Затем произошло тоже отчасти комическое событие. Библиотека каширская решила забрать у меня книги. У меня не то что была очень большая библиотека, но около тысячи томов было. И вот в один прекрасный день явились большевики и увезли все это в Каширу. Но моя жена не такого характера была, чтобы уступить. Она сейчас же помчалась в Москву к нашим влиятельным знакомым: к Луначарскому тому же, к Каменеву, с которым я когда-то вместе в Университете учился, он меня знал и впоследствии помог мне уехать из России. Так вот, жена сумела получить бумагу, предписывающую возвратить мне книги, поскольку они для меня «орудия производства». С этой бумагой она поехала в Каширу, в библиотеку. Библиотекой заведовал бывший пастух. Но большевик такой бешеный. И он сказал ей: «Хоть бы сам Карл Маркс явился ко мне, я не отдам этих книг». Но моя жена не такой человек, чтобы удовлетвориться подобной штукой. Она достала другую бумагу, уже более грозную, чуть ли не из чрезвычайки. Луначарский устроил. И все книги мне вернули.

А летом 1918 года, когда мы жили в деревне, произошло тоже странное событие - крестьянское восстание против большевиков. Я это очень хорошо помню. Я сидел переводил Данте, кажется, вдруг раздался какой-то звук, вроде набата, потом загремели телеги по большой дороге и двинулась масса крестьянских повозок к Кашире, с разных сел. Они собирались там и хотели свергнуть советскую власть. Кончилось это совершенно водевильно. Они даже не доехали до Каширы, остались ночевать где-то в лесочке под городом, в течение ночи они одумались - у них ни оружия не было, ни организации. За это все поплатился только наш сосед, помещик, которого обвинили в том, что это он крестьянское восстание устраивал.
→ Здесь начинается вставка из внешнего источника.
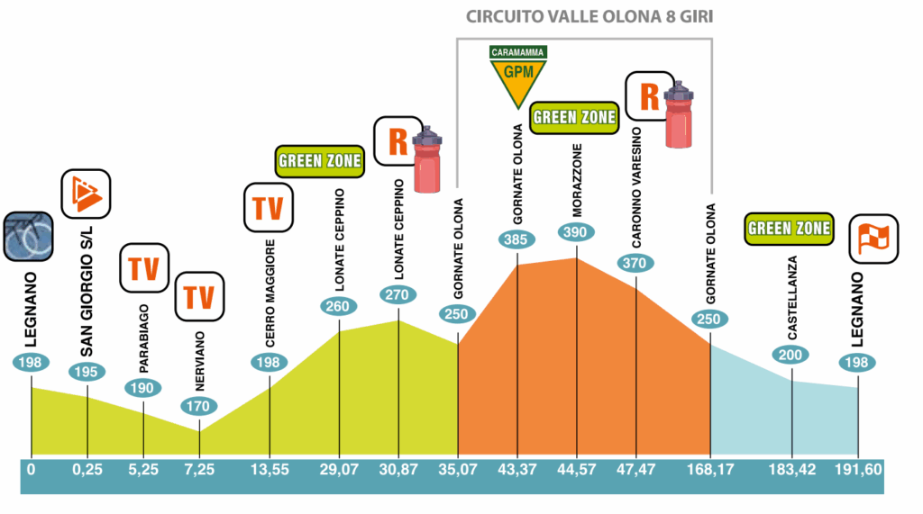 La carrera comenzó con el tradicional ambiente de las grandes clásicas italianas. Tras unos primeros kilómetros rápidos y llanos, se formó la escapada del día con Gianni Vermeersch, Ethan Hayter, Xabier Mikel Azparren, Joel Suter y Samuel Quaranta. El grupo delantero rodó con buen entendimiento, alcanzando una ventaja máxima cercana a los dos minutos, aunque el pelotón, comandado por el Visma, mantuvo siempre la situación bajo control pensando en su velocista Matthew Brennan. A medida que los corredores afrontaban los ocho pasos por el repecho de Caramamma, el desgaste empezó a hacer mella en los fugados. A falta de 50 kilómetros, la diferencia se redujo a menos de un minuto y, poco después, la escapada fue neutralizada. En los tramos finales, varios equipos intentaron endurecer la carrera, con movimientos del UAE Team y del Movistar, pero el pelotón resistió agrupado.

- А были какие-то непосредственные причины недовольства крестьян?

- Вот чем конкретно они были недовольны, я не особенно хорошо помню. По-видимому, какими-то распоряжениями власти. Может быть, поборами.

- А в вашей деревне кто фактически имел власть, кто распоряжался?

- Деревенский комиссар. Наш, можно сказать, приятель по прежней мирной жизни.

- А что он за человек был, какого образования?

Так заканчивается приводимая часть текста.